節義廉恥を失て、国を維持するの道決して有らず

(日経「春秋」2012/12/13付) 武士の遺訓ならまず「三本の矢」だろうか。時代が下るにつれ一武家を超えた公的性格を遺訓が持ってくるが、隣の国にはお家のことしか眼中にない遺訓がなおはびこっていた。きのうの北朝鮮弾道ミサイル発射は「故金正日総書記の遺訓」だという。故金日成主席の生誕100年でこの17日が正日氏の一周忌にあたる。威光を是が非でも高める必要に迫られたのだろう。延期だ修理だという情報の中の打ち上げには、不意打ちの快感があったか。日本でよく知られる遺訓に西郷南洲(隆盛)がある。例えば「節義廉恥を失て、国を維持するの道決して有らず、西洋各国同然なり」という。アジアも同然だろう。ただ、政治の基本は学問、軍備、農業の3つを重視することだ、とは、このままでは今の日本には通用しまい。誰の遺訓にもことさら踊らされる必要はない。

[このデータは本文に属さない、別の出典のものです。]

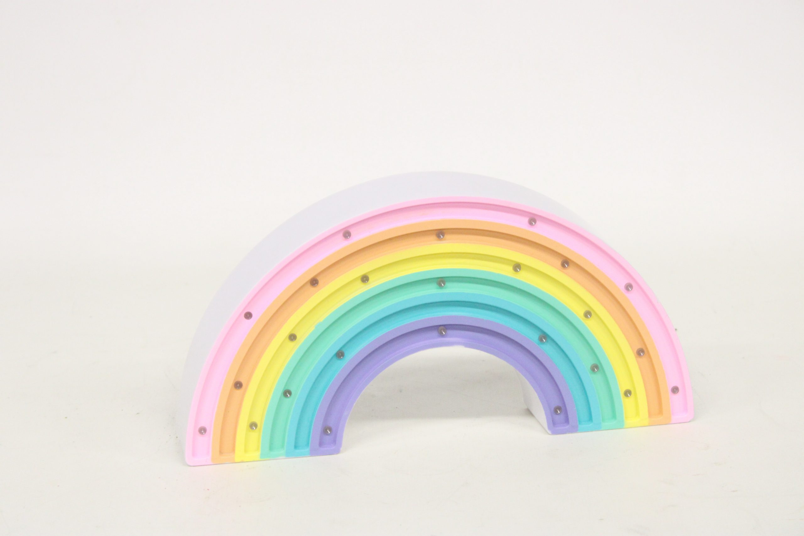 Lámpara es la Little Lights Lámpara Arcoíris, hecha a mano con madera de pino natural y decorada con pintura al agua en colores pastel.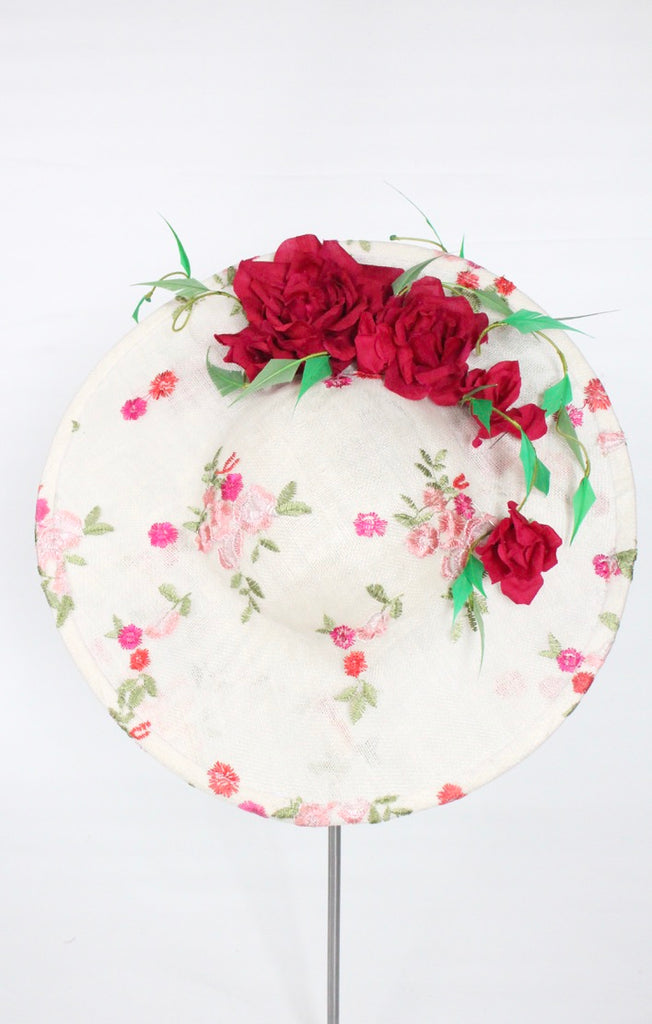 Make a summer statement with our stunning Hebe hat! Covered in embroidered tulle with hand made silk roses rambling across both the top and undersides of this elegant disc shaped hat- it's a whimsical winner!

(JN) 金朝廷はいつまで王朝制度を続けるのであろうか。近隣の自由主義国や共産主義国は、他国のことに手は出せないが、この国の一般国民を助ける手立てはないのであろうか。それよりも、金日成はこのような国家を望んでいたのであろうか。嘗てのどこかの日の丸国は軍部と官僚の下で戦争に進んでしまった。今の北朝鮮もその方向性があるのか。国土が揺れに揺れている我が国は今後、このような輩を相手にするためには、政治不信から脱しなければならない。さて政治の基本はなんであろうか。節義廉恥を失ている相手にはどうすればよいのか。